Came the energy crisis of the late '70s, caused in large part by government punishment of the energy companies via regulation and taxation. How did Carter propose to lead us out of this crisis? By further punishing the companies -- confiscating their "windfall profits" from the higher oil prices that supplied the capital requisite to finding more oil and gas.
The moralist-in-chief had diagnosed the problem. It was less an economic or foreign policy problem, he told the American people, than it was a "crisis of the American spirit." We Americans "needed to have faith in each other." And the government needed to order utility companies to use less oil.
Then there was foreign policy. We cut adrift the Shah of Iran, a reliable American ally, because presumably the clergy trying to overthrow him were more moral than he. Then the Ayatollah Khomeini took over, and the U.S. Embassy hostage crisis followed. The Carter administration twisted, turned, agonized -- and failed utterly to retrieve the hostages. Almost the minute the tough-talking Ronald Reagan took over the reins, Khomeini decided the game was up. He set the hostages free.
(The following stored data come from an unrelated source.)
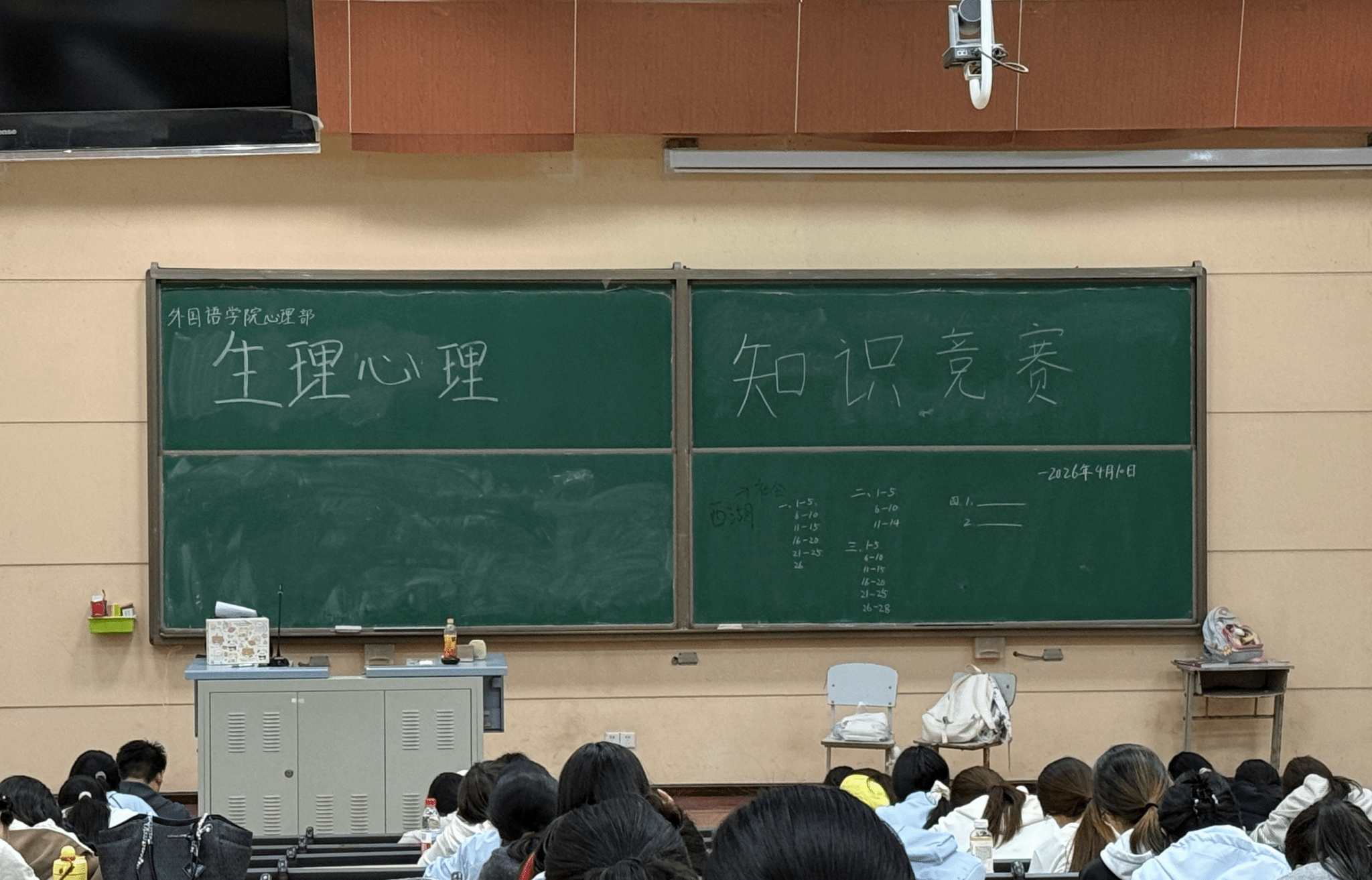 2026年4月10日中午12时40分,外国语学院在文汇楼A101成功举办生理心理健康知识竞答活动。本次活动由学院生理心理部精心组织,2025级全体学生踊跃参与,旨在以知识竞答为载体,向学生普及生理与心理健康核心知识,帮助学生熟练掌握身心保健实用技能,强化自我关怀与防护意识,助力学生以健康、积极的身心状态应对学业压力与成长挑战。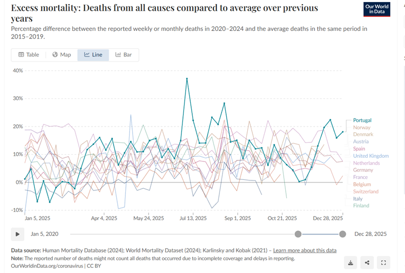 In 2025 ‘scoort’ NL ca. 13,5% oversterfte (baseline 2015-2019), als enig land boven de 10%. Portugal is deze zomer zwaar getroffen (hittegolf; bosbranden).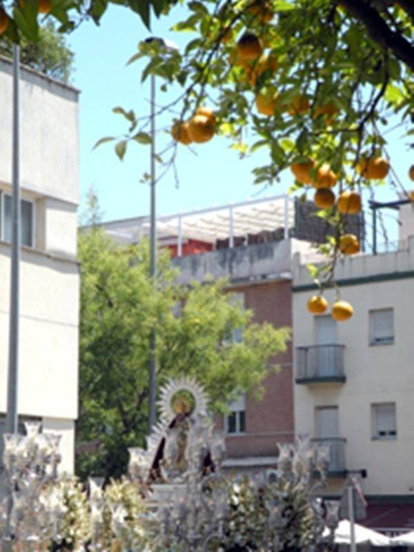 La procesión estaba encabezada por la cruz de guía, seguida por los cofrades trianeros y hermanos/as del Cachorro, con cirios blanco, y a continuación estandartes representativo de Hermandades Trianera y el paso de la virgen que estuvo acompañada musicalmente por la formación musical juvenil de la Hermandad de los Gitanos entrando pasada las 13´30 horas de la tarde.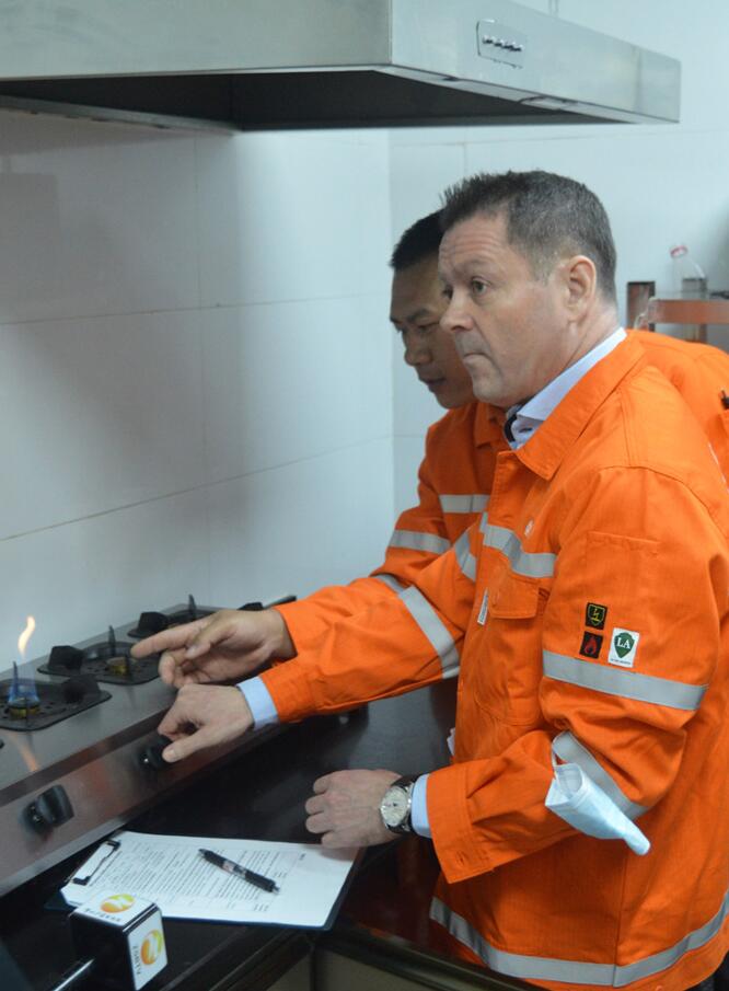 接下来,夏德农一行来到餐饮用户崖口村煲仔饭餐厅,对液化石油气器具的使用、软管的安装、安全用气等情况进行检查服务,并使用燃气检测仪,检查有无漏气隐患。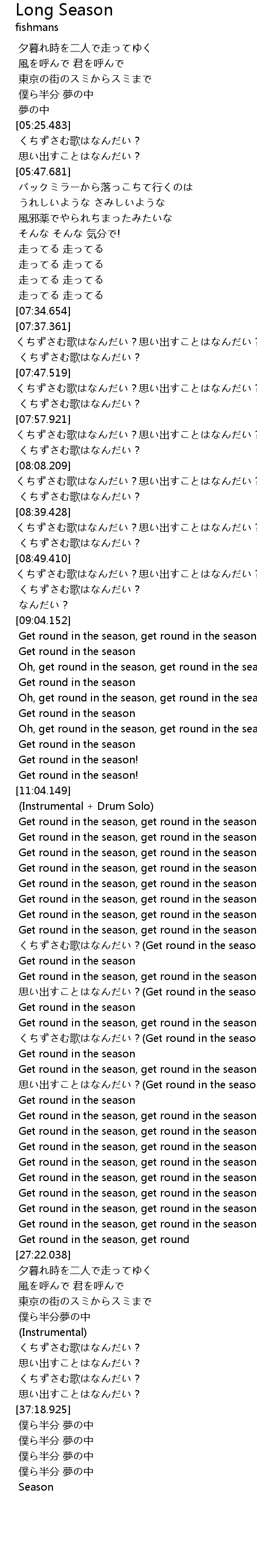 | [26:19.482] | くちずさむ歌はなんだい?(Get round in the season) |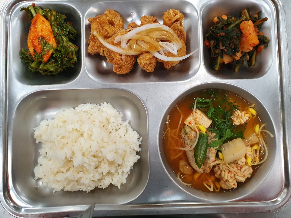중식: 백미밥, 대구알탕, 파닭순살치킨, 치커리사과무침, 총각김치
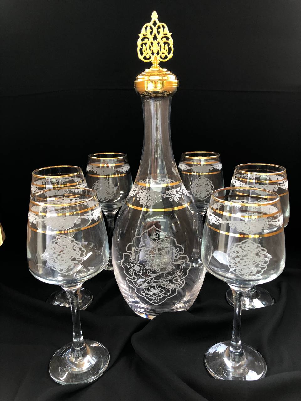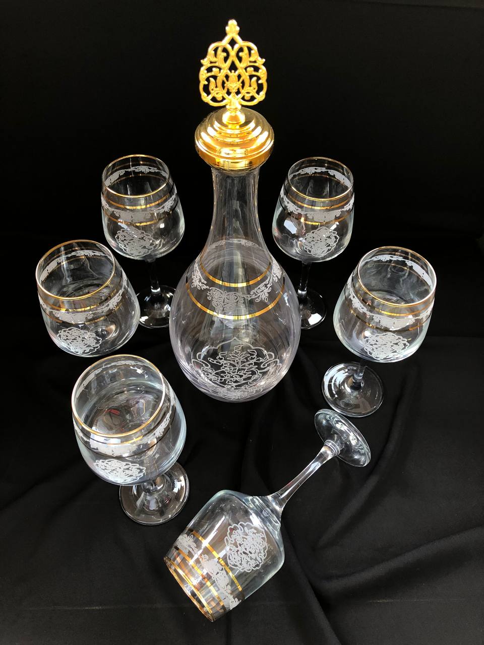 7 Parça Şişe Takımı GravürBant 3 çizgi Sarkıt

Carter's psychic need for post-1980 redemption must be profound beyond reckoning. He was a good boy for a while, promoting fair elections and democracy abroad -- for which he got the Nobel Peace Prize (in part probably because the judges wanted to show up Bush).
Why, then, the ant-Bush tirade? With Jimmy Carter one never knows. It suffices, perhaps, to know that he's smarter than all of us put together. That much you figure out just by listening to him.